1) Presentation Layer:

Contains my Views and ViewModels

2) Business Layer:

Contains my business logic

3) Data Layer:

Contains my models

My Presentation layer calls into the business layer to populate local copies (held in the ViewModel) of the data I wish to use in my ViewModel / View.

This is achieved with a Using statement, something like;

Using DBContext As Entities = ConnectToDatabase()

    Dim clsApprovalTypes As New Repositories.clsApprovalTypesRepository(DBContext)

    dbResults = clsApprovalTypes.GetRecords()

End Using

Return dbResults

Here I simply pass in the Context into Repository, once the data has been returned, the "End Using" will dispose of my context.

To update the context with changes made in my ViewModel / View, I use an AddEdit routine, which accepts a record, and updates / Adds to the context as necessary, using a similar methodology to the above, something like;

Using DBContext As CriticalPathEntities = ConnectToDatabase()

        Dim clsApprovalTypes As New Repositories.clsApprovalTypesRepository(DBContext)

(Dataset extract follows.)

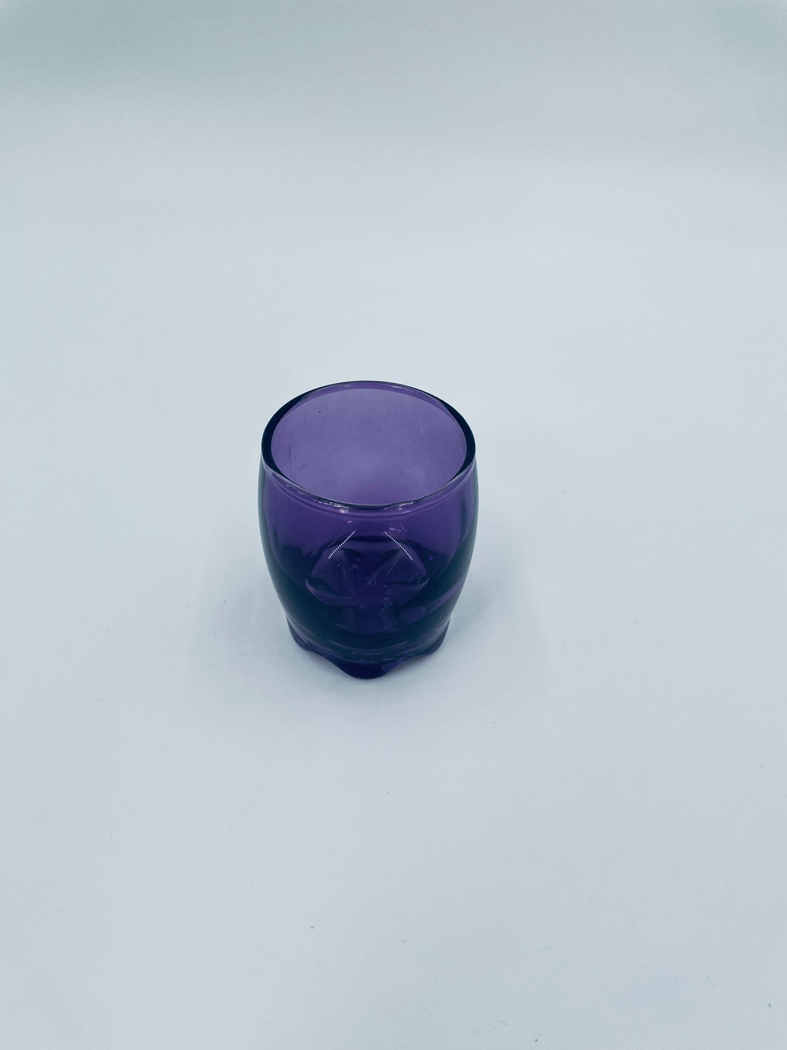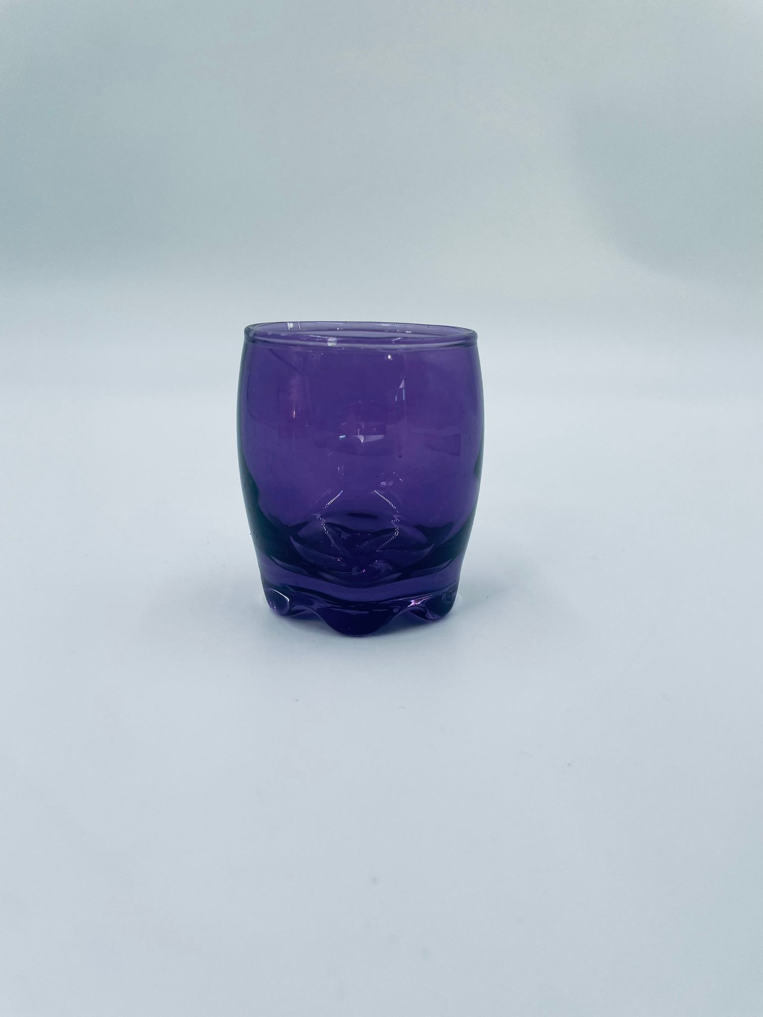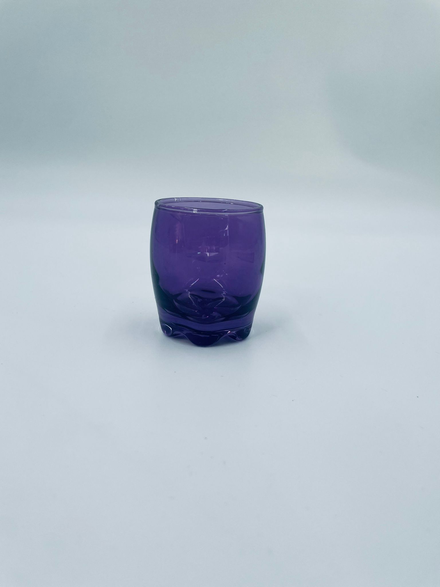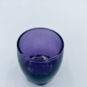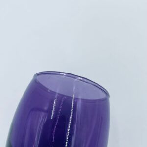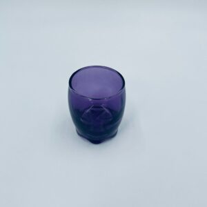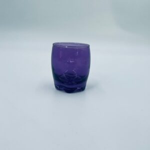 Mała szklaneczka, kieliszek w stylu Vintage, wykonana z wysokiej jakości hartowanego. Szklaneczka z falistą ozdobną podstawa, barwiona na fioletowy kolor. Posiada przetarcie na kolorze.
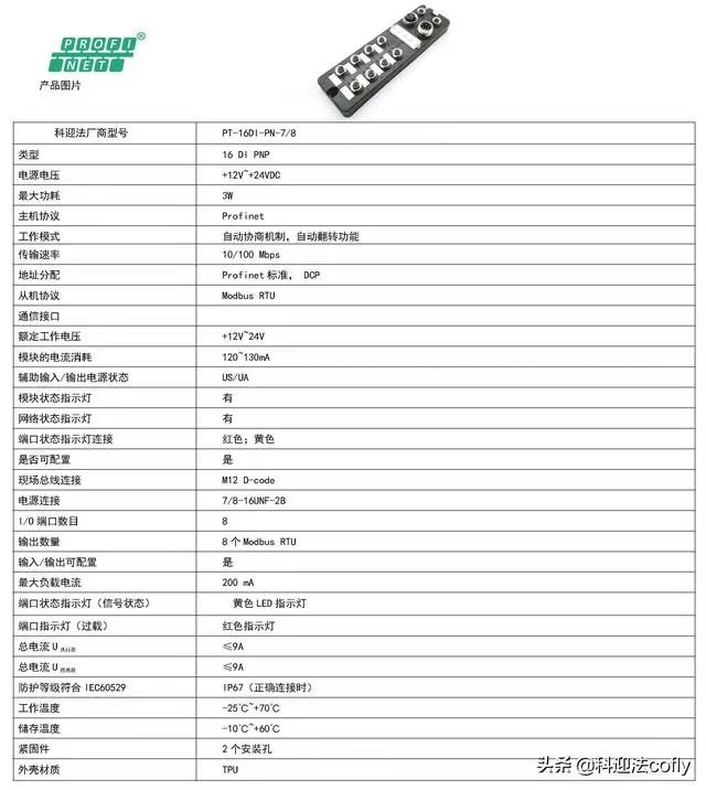 科迎法 远程I/O模块工业现场总线控制Profinet协议 16DI/DO 品牌 | 科迎法 | ||

        clsApprovalTypes.AddEditRecord(ApprovalTypeToSave)

        Try

            clsApprovalTypes.SaveData()

        Catch ex As Exception

            Return ex

        End Try

End Using

Where my AddEdit routine is something like;

SavedRecord = New ApprovalType                'Store the Saved Record for use later

Dim query = From c In DBContext.ApprovalTypes
                    Where c.ApprovalType_ID = RecordToSave.ApprovalType_ID
                    Select c

If query.Count > 0 Then

    SavedRecord = query.FirstOrDefault

End If

'
' Use Reflection here to copy all matching Properties between the Source Entity
' and the Entity to be Saved...
'
SavedRecord = Classes.clsHelpers.CopyProperties(RecordToSave, SavedRecord)

If query.Count = 0 Then

    Try

        DBContext.ApprovalTypes.Add(SavedRecord)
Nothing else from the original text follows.